### Work required:
Everything from the line containing "イベントは湘南ブラス・コミュ" through the last line of the entries needs to be repeated exactly. Pictures must be left out.
________________________
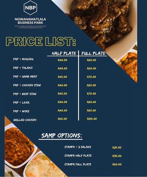 Grilled steaks, chicken, or lamb served with sides like pap, rice, or chips. Fresh salads or wraps with various fillings. Hearty dish of beef and chicken stew
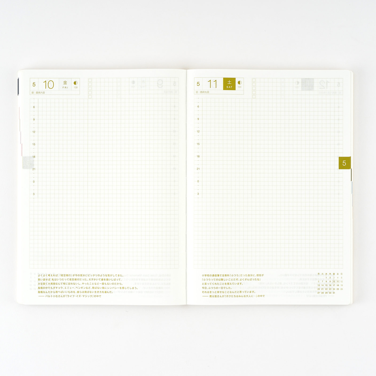 | 記載される内容 | 日番号/週番号(月間カレンダーに記載)/旧暦/六曜(大安、仏滅など)(月間カレンダーに記載)/二十四節気(立春、春分、夏至など)、雑節/祝日、記念日など(バレンタインデー、ひなまつり、母の日、父の日など)/月の満ち欠け(1日ページ全ページに記載、月間カレンダー・週間ダイアリーに満月と新月のみ記載) |
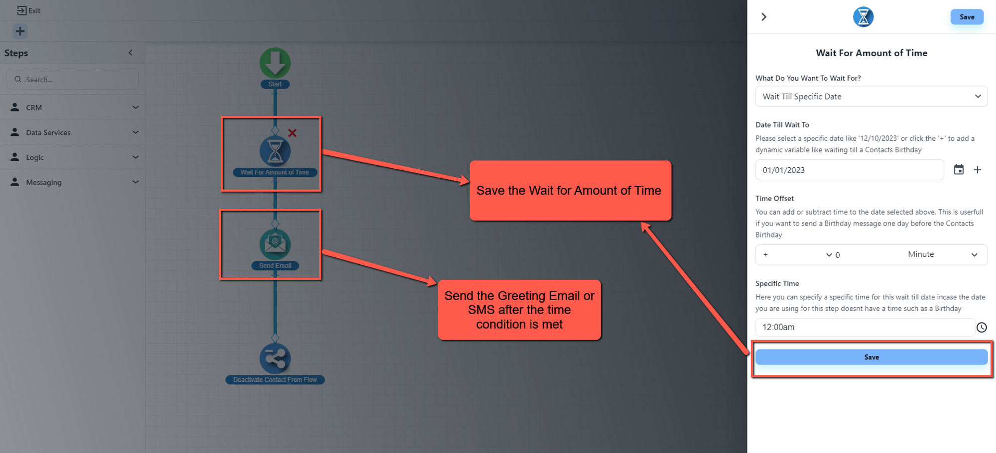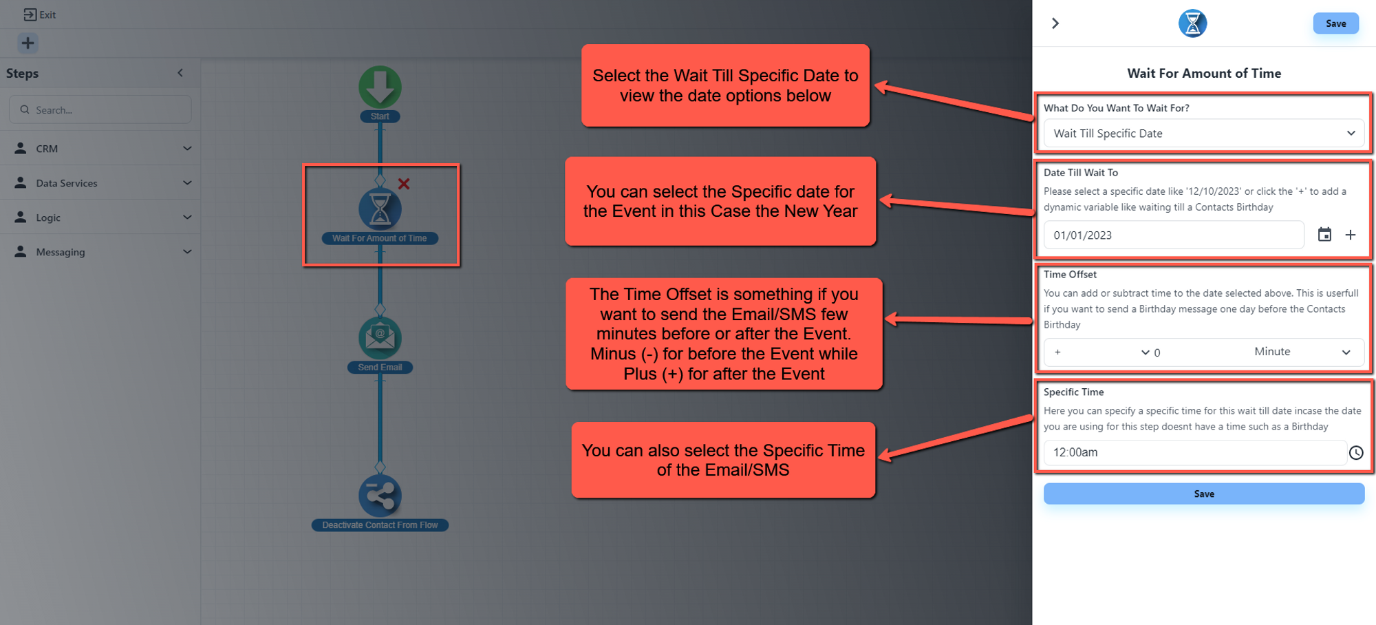 You can find this item in the Logic Section and is basically used for many things such as sending the Customer a New Year Greeting SMS/Email, Scheduled Meeting, Birthday wishes or anything else. It can be used for multiple scenarios but in this case we are using for a greeting message or wishing New Year.
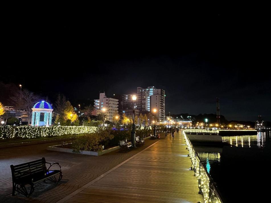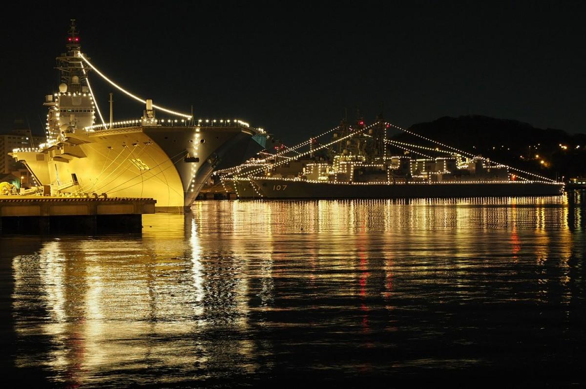 イベントは湘南ブラス・コミュニティの演奏で開幕。吹奏楽やロックバンド、空手演舞など、大晦日の夜を多彩な内容で盛り上げる。21時に艦艇イルミネーションと、横須賀地方総監部庁舎のライトが点灯、横須賀の軍港が幻想的な光景で満たされます。
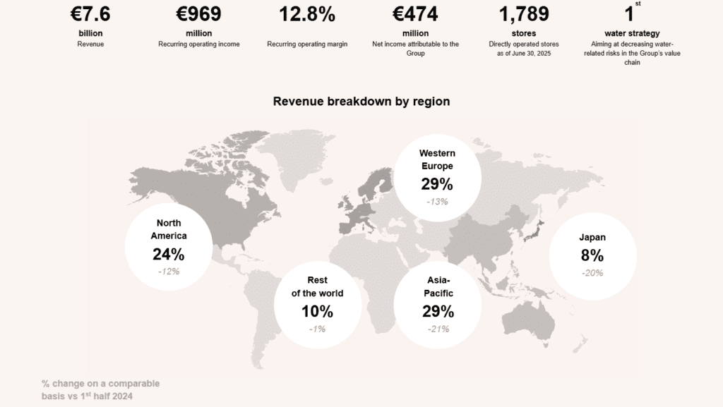📊 Kering (PPRUY) 2025 első félév főbb pénzügyi adatok
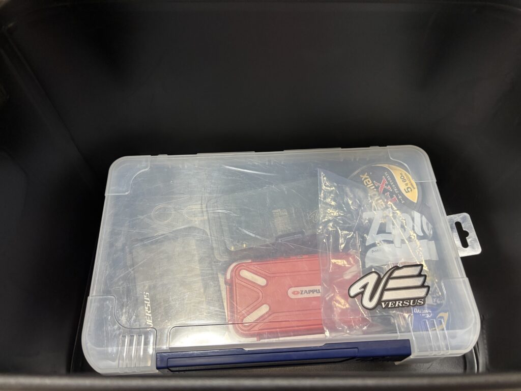 ちょっと遠征に出たり、何を釣るかわからないで行く時はこのタックルストレージ(バッカン)毎、車に積んでいき、必要なものを取り出してやるスタイルです。
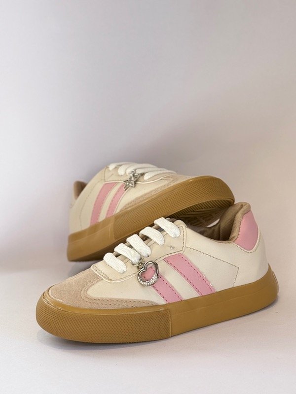 Zapatilla en ecocuero con puntera de gamuza y tiras, suela antideslizante.
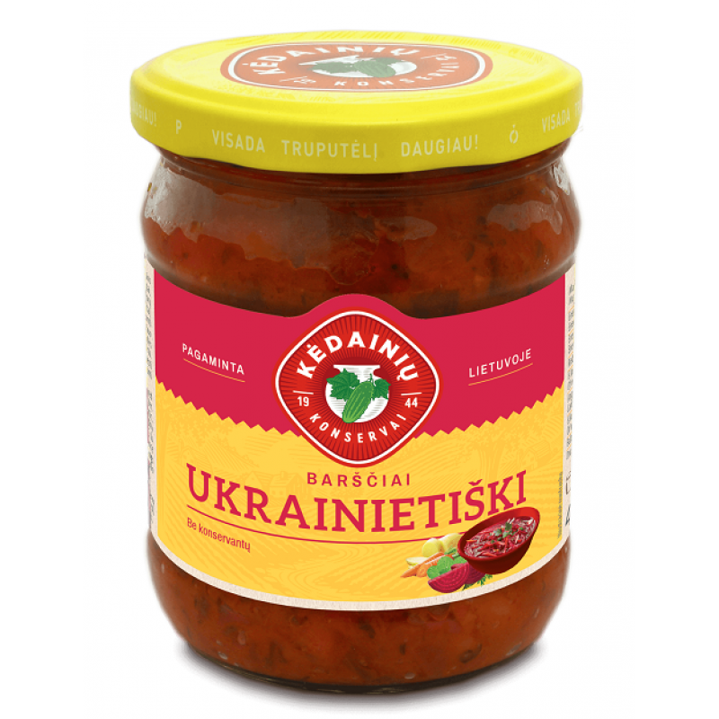 Ingredienti: patate 7% cipolle, carote 7%, olio di colza, concentrato di pomodoro, sale, farina di FRUMENTO, condimenti, barbabietole 28%, zucchero, fagioli 17%, aglio, acido citrico
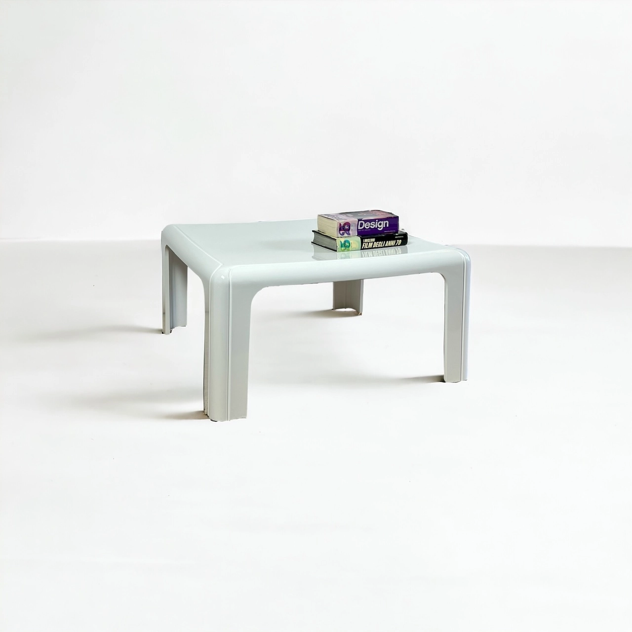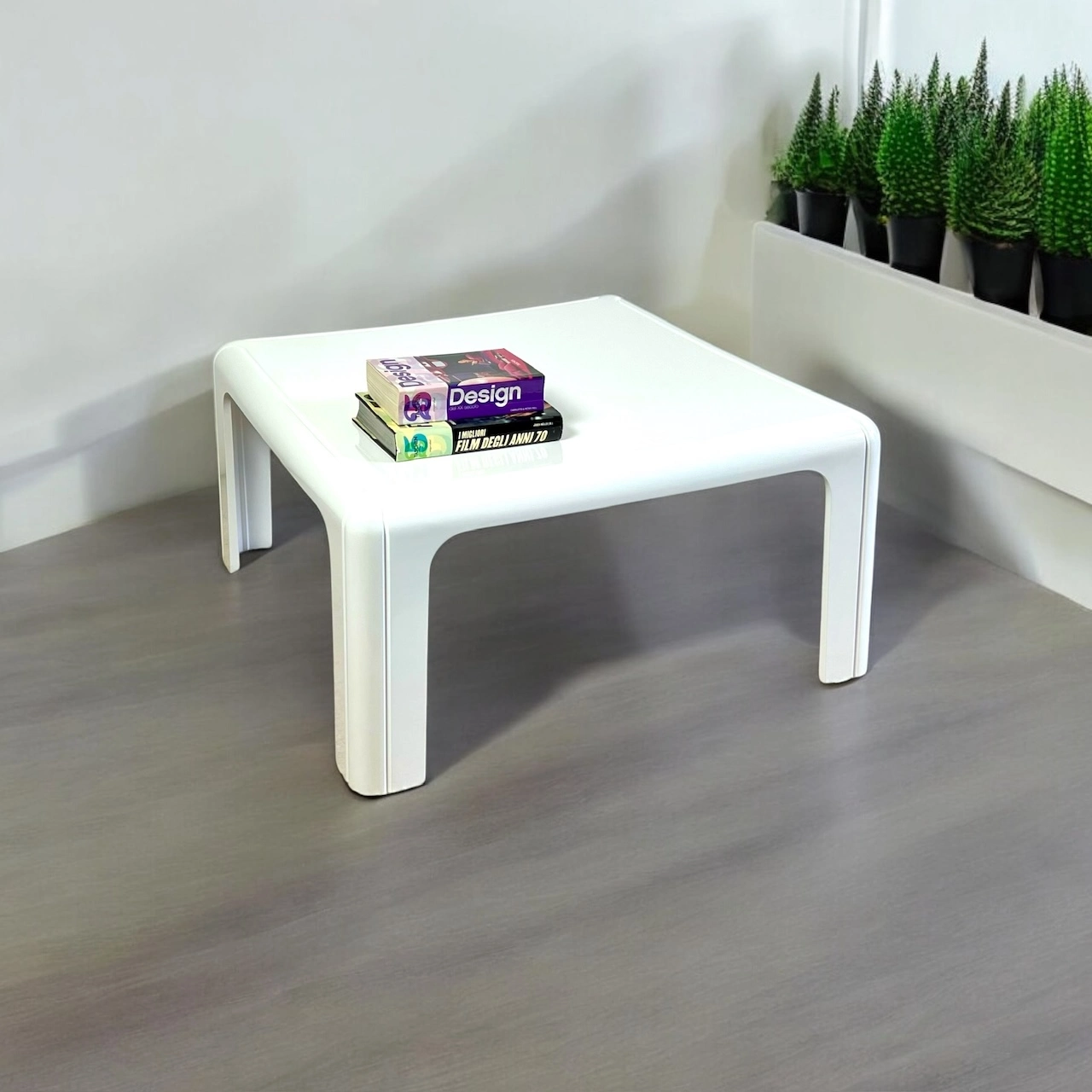 Constructed from molded white polyurethane, the table measures 75x75x38h, a versatile size that fits seamlessly into a variety of interiors. Its sleek, square form and pure white finish create an impactful, yet understated visual appeal. The minimalist approach highlights Aulentis pioneering vision, capturing the essence of Italian design’s progressive spirit in the 1970s.
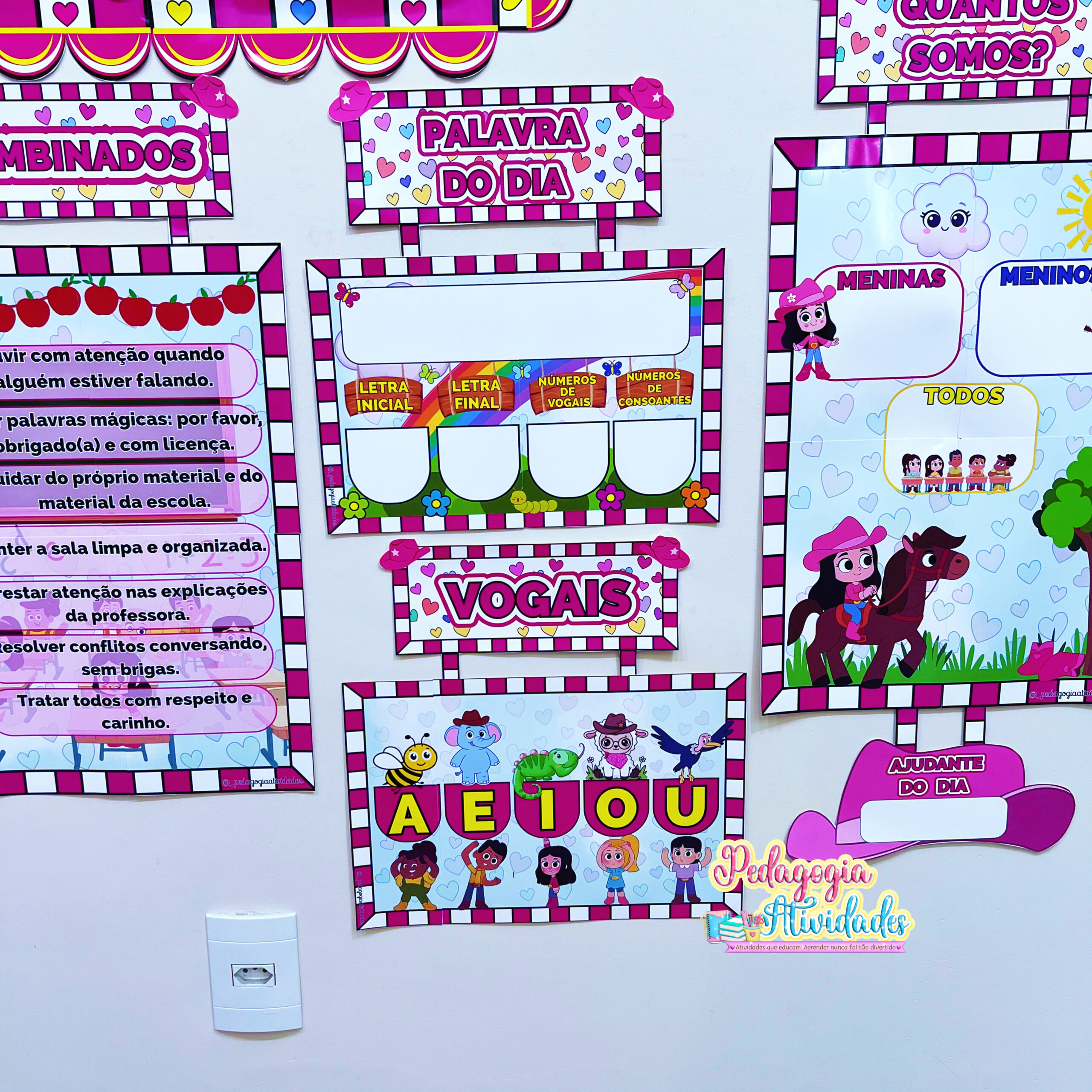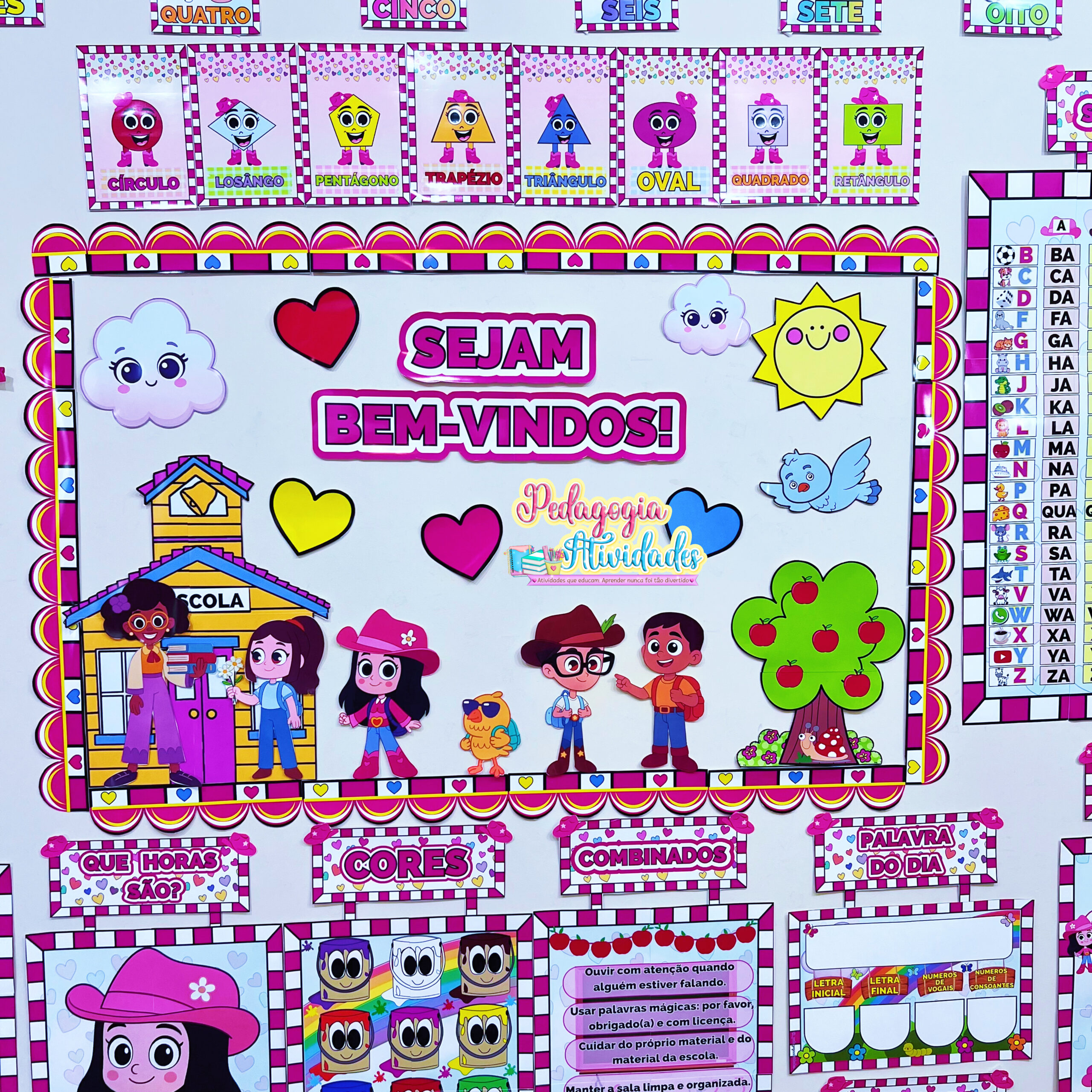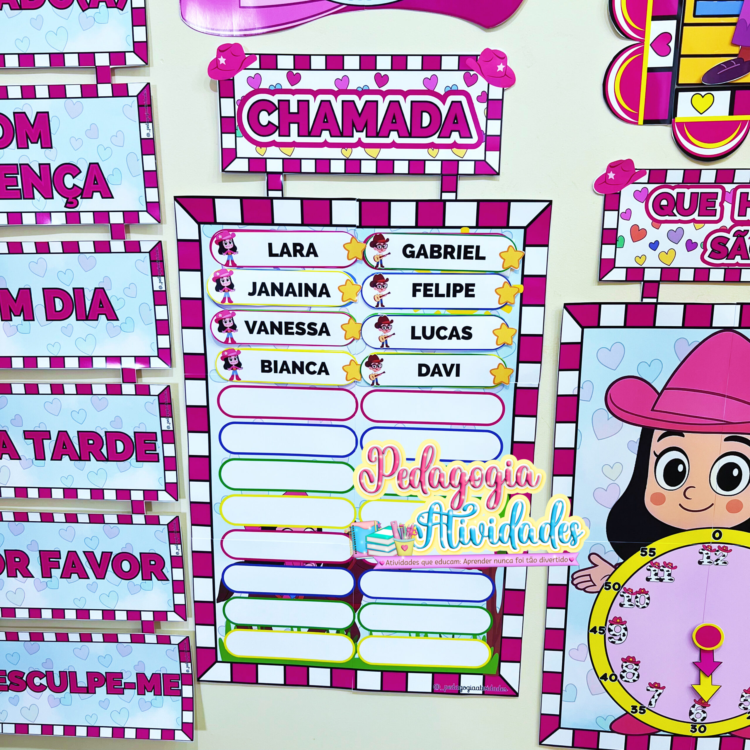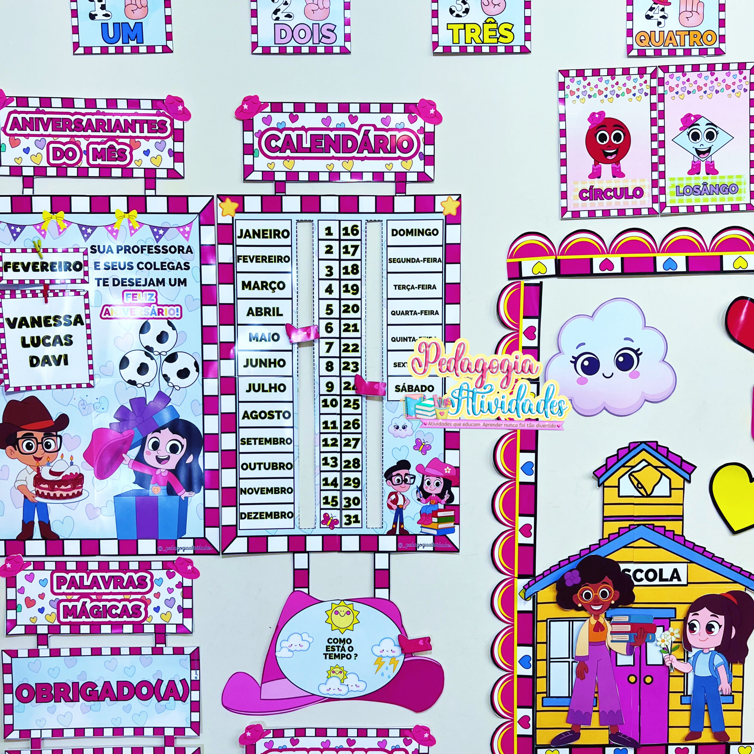 Um material criativo, colorido e cheio de personalidade, perfeito para organizar a rotina da sala de aula, enriquecer as práticas pedagógicas e deixar a decoração ainda mais encantadora na Educação Infantil e no Ensino Fundamental.
________________________
### Exercise response:
 イベントは湘南ブラス・コミュニティの演奏で開幕。吹奏楽やロックバンド、空手演舞など、大晦日の夜を多彩な内容で盛り上げる。21時に艦艇イルミネーションと、横須賀地方総監部庁舎のライトが点灯、横須賀の軍港が幻想的な光景で満たされます。
📊 Kering (PPRUY) 2025 első félév főbb pénzügyi adatok
 ちょっと遠征に出たり、何を釣るかわからないで行く時はこのタックルストレージ(バッカン)毎、車に積んでいき、必要なものを取り出してやるスタイルです。
 Zapatilla en ecocuero con puntera de gamuza y tiras, suela antideslizante.
 Ingredienti: patate 7% cipolle, carote 7%, olio di colza, concentrato di pomodoro, sale, farina di FRUMENTO, condimenti, barbabietole 28%, zucchero, fagioli 17%, aglio, acido citrico
 Constructed from molded white polyurethane, the table measures 75x75x38h, a versatile size that fits seamlessly into a variety of interiors. Its sleek, square form and pure white finish create an impactful, yet understated visual appeal. The minimalist approach highlights Aulentis pioneering vision, capturing the essence of Italian design’s progressive spirit in the 1970s.
 Um material criativo, colorido e cheio de personalidade, perfeito para organizar a rotina da sala de aula, enriquecer as práticas pedagógicas e deixar a decoração ainda mais encantadora na Educação Infantil e no Ensino Fundamental.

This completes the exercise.